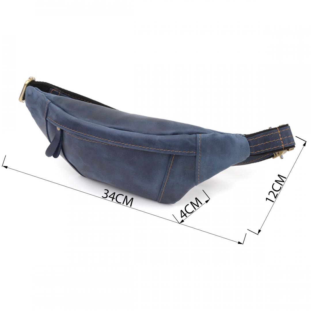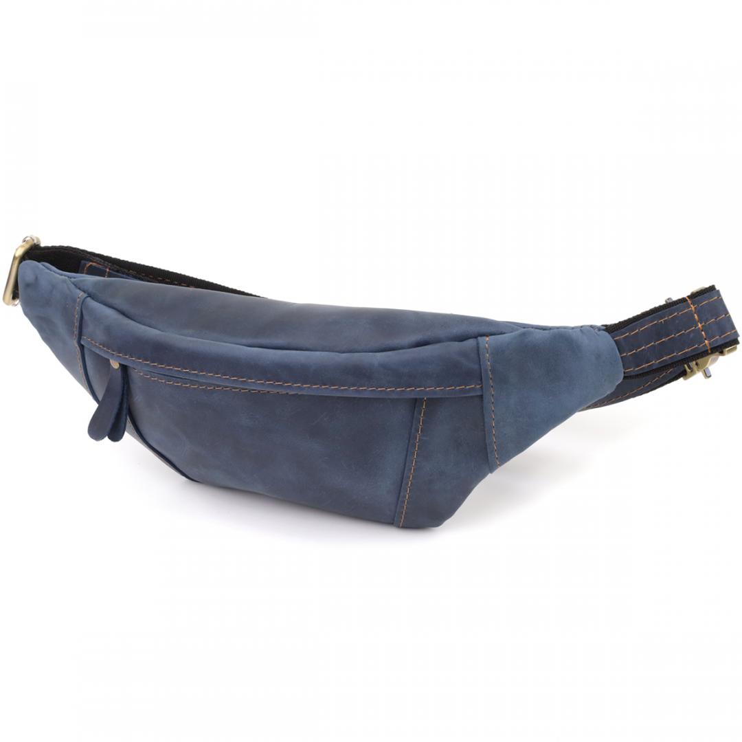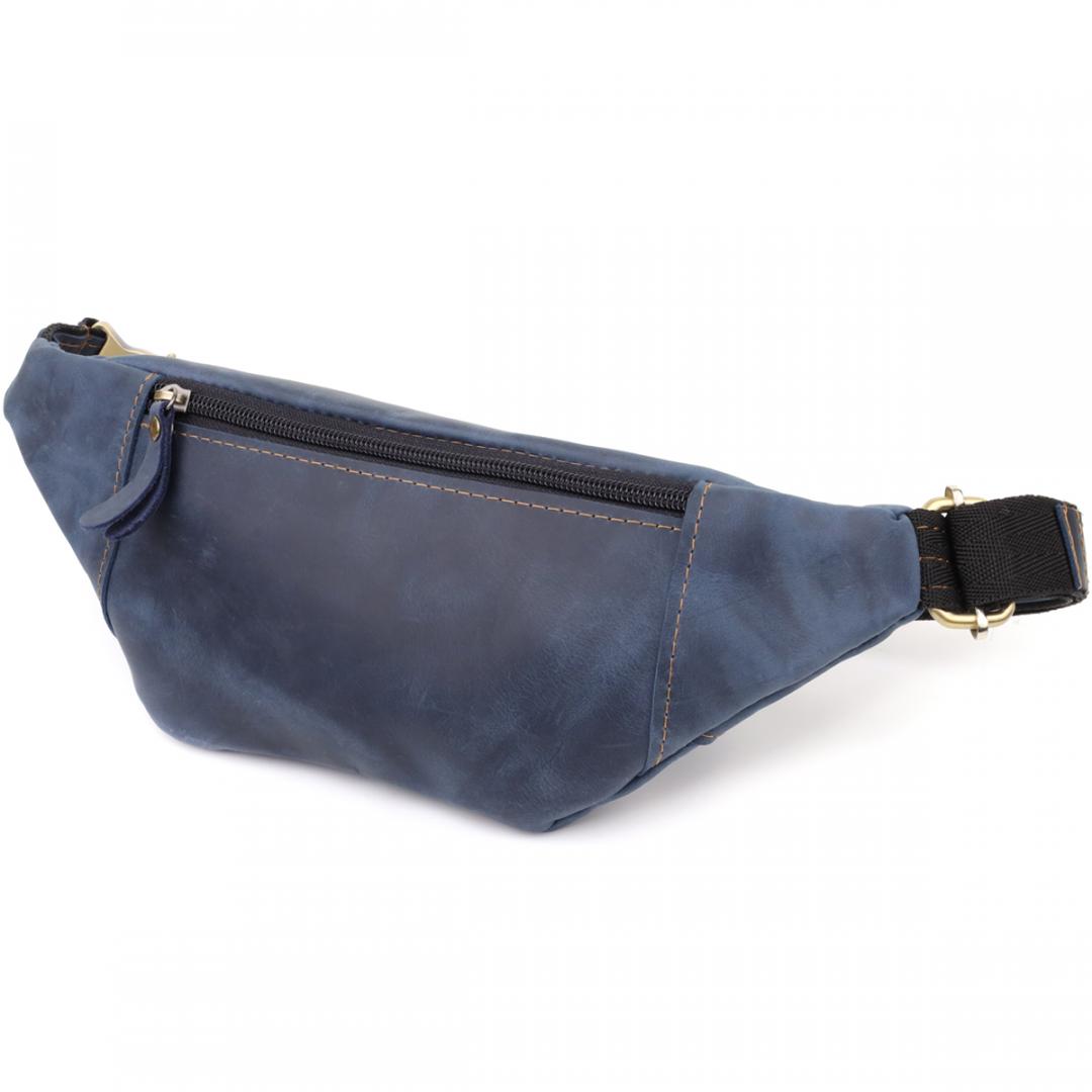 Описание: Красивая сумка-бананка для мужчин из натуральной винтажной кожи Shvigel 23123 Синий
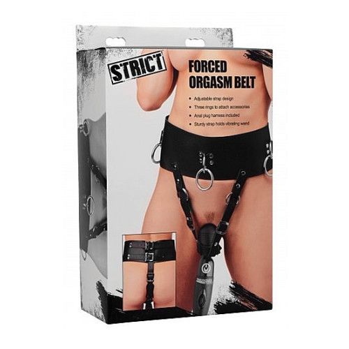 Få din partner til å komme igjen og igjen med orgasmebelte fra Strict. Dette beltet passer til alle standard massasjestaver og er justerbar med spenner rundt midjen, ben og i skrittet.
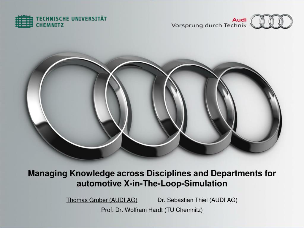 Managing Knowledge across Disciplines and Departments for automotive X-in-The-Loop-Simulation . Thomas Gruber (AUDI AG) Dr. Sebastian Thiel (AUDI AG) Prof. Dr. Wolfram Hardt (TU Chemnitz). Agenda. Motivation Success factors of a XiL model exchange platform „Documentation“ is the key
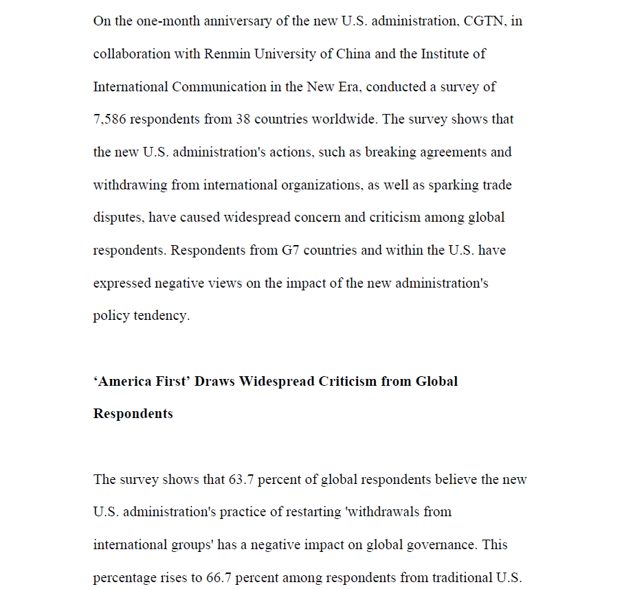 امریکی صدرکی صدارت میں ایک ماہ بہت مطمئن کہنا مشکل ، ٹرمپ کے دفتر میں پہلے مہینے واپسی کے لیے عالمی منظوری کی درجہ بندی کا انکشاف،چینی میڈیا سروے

# Problem requirements
Line by line, restate the data above exactly as it stands, minus the pictures.

# Result
 Описание: Красивая сумка-бананка для мужчин из натуральной винтажной кожи Shvigel 23123 Синий
 Få din partner til å komme igjen og igjen med orgasmebelte fra Strict. Dette beltet passer til alle standard massasjestaver og er justerbar med spenner rundt midjen, ben og i skrittet.
 Managing Knowledge across Disciplines and Departments for automotive X-in-The-Loop-Simulation . Thomas Gruber (AUDI AG) Dr. Sebastian Thiel (AUDI AG) Prof. Dr. Wolfram Hardt (TU Chemnitz). Agenda. Motivation Success factors of a XiL model exchange platform „Documentation“ is the key
 امریکی صدرکی صدارت میں ایک ماہ بہت مطمئن کہنا مشکل ، ٹرمپ کے دفتر میں پہلے مہینے واپسی کے لیے عالمی منظوری کی درجہ بندی کا انکشاف،چینی میڈیا سروے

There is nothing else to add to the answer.